Ülkemizi sarsan son 50 gündür  izlediğimiz olaylar ve çığlıklar, 17 ile 25 yaş arasındaki çocuklarımızın sesleri.. Özgürlüğe dayalı isteklerinin yerine getirilmesini,dayatmaların son bulmasını istiyorlar.Biz de varız diyorlar.Onları destekleyen halk, analar,babalar.nineler ve dedelere çocuklar da katılıyor...Gezi Parkı olayları olarak  iç  ve dış basının birinci sıralamasında yer alan haberlere ilişkin eylemler, bir anda Türkiye’nin her bir yanına dağıldı.Sanki yanıyoruz.Ateş yayıldı.Kıvılcım Ülkemizin her bir köşesine sıçradı.

 

Bu  Eylemler’in ana amacı 1943 yılında Henri Prost tarafından yapılan kültür varlığımız Gezi Parkındaki, İstanbul 1.İdare Mahkemesinin  06.06.2013 tarih ve Esas 2012/778 ve 2013/1084 Sayılı Kararına rağmen  3-5 ağacın kesilmesi değil,yıllardır verilmeyen  istekler yumağı idi.

 

Gençler, ana ve babalarını dinlediler.Bilgisayar gençliği dediğimiz çocuklarımız, bilgisayarın başından kalktılar.Şimdi Parklarda öğrendiklerini öğretmeye çalışıyorlar.Artık içeriye girmeyecekler.”Sesimizi Duyun” diyorlar.

 

Halk  meydanlarda…Atatürkçü,Cumhuriyetçi ve Bağımsız Türkiye için,İnsan Hakları ve Özgürlük için yürüyorlar..Gezi Parkı’na eş görülen tüm parklar onların söyleşi ve kaynaşma alanları oldu.Sokağa çıkamayanlar, Eşitsizlik Kapanı’na sıkışan kadınlarımız evlerde tencere-tava  çalarak istemlerini duyurmaya çalışıyorlar.Gençler,nine-dede,ana-baba ve çoluk-çocukları da önlerine katarak her türlü şiddete karşın yürüyor ve demokratik haklarını  istiyorlar.

 

Öğrenciler gelecek güvencesi,Üniversite mezunları iş,İşçilerimiz Toplu İş Sözleşmelerinin bağıtlanmasını,Kadınlarımız şiddetin son bulmasını,düşünenler düşünce ve yazma özgürlüğü istiyor.Adalet yerini bulmalı diyenler..Yargılananlar Tam bağımsız ve Adil Yargılama hakkının verilmesini,olup bitenleri kamuya anlatan,araştırıp yayınlayan yazılı ve görsel basın çalışanları gazeteciler,özgürce haber alma ve yazma haklarını istiyor.

 

Kısaca Gezi Direnişi bireysel isteklerden, toplumsal haklara kadar geniş bir yelpazede yer alan isteklerle Türkiye’nin Fotoğrafı oldu.Dış basın ve örgütlerden eleştiriler geliyor.Orantısız güç kullananlara karşı gençlerin en büyük silahları deniz gözlükleri,plastik gaz maskeleri,limon,ilaçlı su,sirke gibi vs. motosiklet kaskları idi.Tüm bunların ötesinde eylemcilerin paylaşım duyguları ile kitap,mizah,şiir,karikatür,çiçek,müzik,çeşitli enstrümanlar  ve dayanışma duyguları TOMA, gaz bombası ve spreylere karşı idi.

 

Dünyada ilk örneği sayılan “Duran Adam”, “Düşünen Adam”lar gibi bir başka anlatımla eylemlerini sürdürmeye çalıştılar.

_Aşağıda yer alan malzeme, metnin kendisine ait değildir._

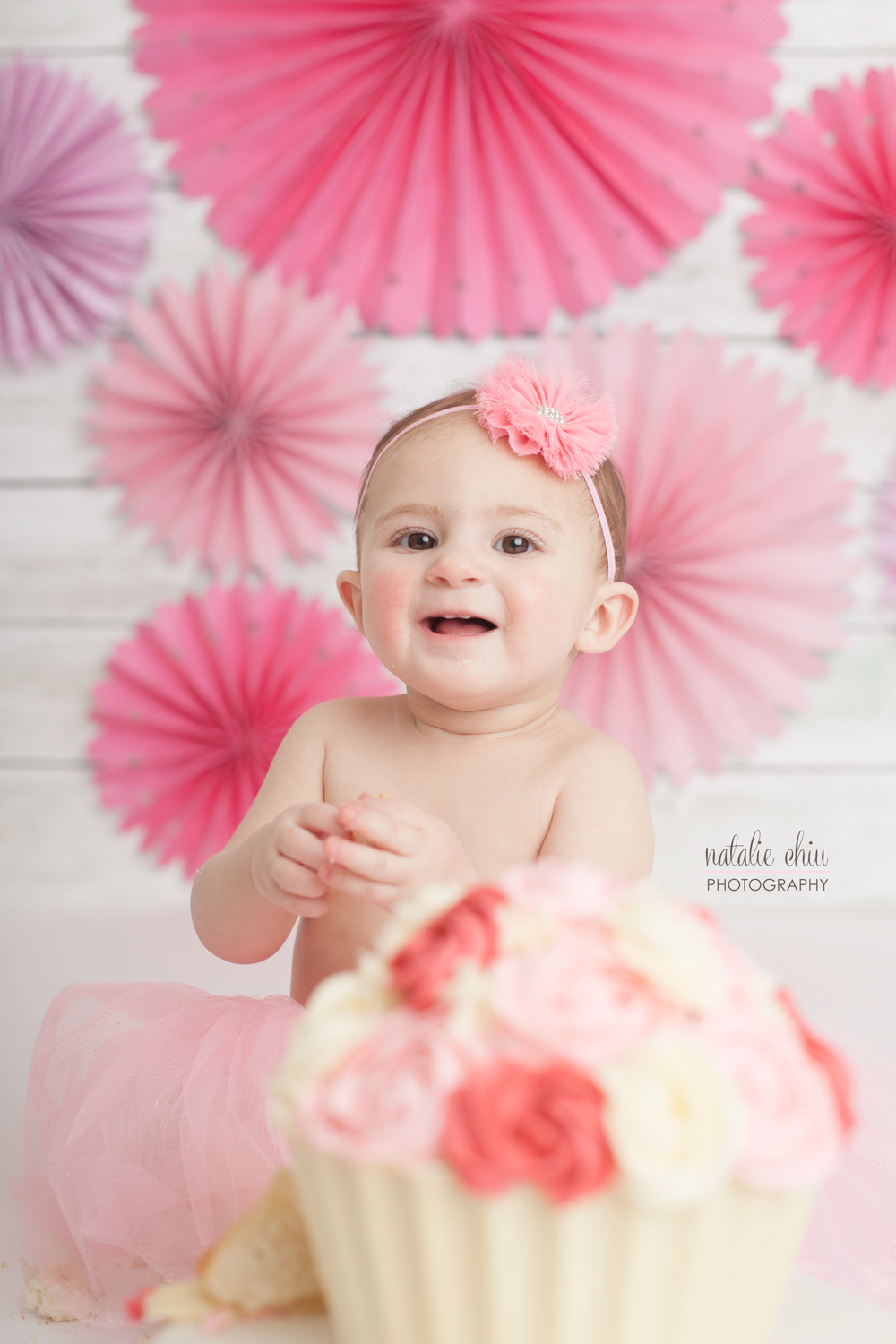 Over the weekend, I took such a sweet cake smash photo session of a little darling that I first met when she was just a tiny newborn. I feel so honoured to be capturing some key milestones in the first year of her life! This cake smash took a bit of preparation from the paper rosettes to the delicious vanilla smash cake. I've never made rosettes before and although the concept seemed rather simple, the execution took me quite some time . Crafting can sometimes be a love-hate relationship! lol In the end, I absolutely LOVED the way it all turned out. I have to give my hubby lots of credit for helping me out and mounting them to my backdrop!

Sonuçta gençlik Çapulcu ve Ayyaş unvanını aldı.Herkes çapulcu olmayı kabul etti.

 

Olaylar öylesine gelişti ki, ocaklara yeni ateşler düştü.PKK’nın 30 bin aşkın askerimizi şehit ettiği yetmemiş gibi şimdi de Direniş Şehitleri ile yeni acılar yaşanıyor.Ana - babalar Çocuklarını desteklediler.Ancak koruyamadılar.Evlatlarını kaybedenler önce hastane kapılarında, daha sonra da Adliye koridorlarında adil karar beklemekteler.Adil AYVALITAŞ(20),Abdullah CÖMERT(22),Ethem SARISÜLÜK (26),Ali İsmail KORKMAZ(19) şiddet sonucu, Polis memuru Mustafa SARI (30)ise koşarken duvardan düşüp hayatını yitirdi.Gözlerini yitiren, özürlü kalanlar ,halen ölüm kalım savaşı veren yoğun bakım ünitelerinde 13-14 yaşındaki çocuklarımız,yaralanan yüzlerce insanlar daha da ötesi, gözaltında alınanların gördükleri şiddet ve psikolojik baskının sonuçları affedilemez.Olayları izleyenler kırmızı elbiseli,beyaz çantalı kızımızın TOMA’ lardan püskürtülen kimyasal sular altında iken, yarım metre öteden el spreyi ile de karşı karşıya kaldığına ilişkin fotoğrafını unutmayacaklardır.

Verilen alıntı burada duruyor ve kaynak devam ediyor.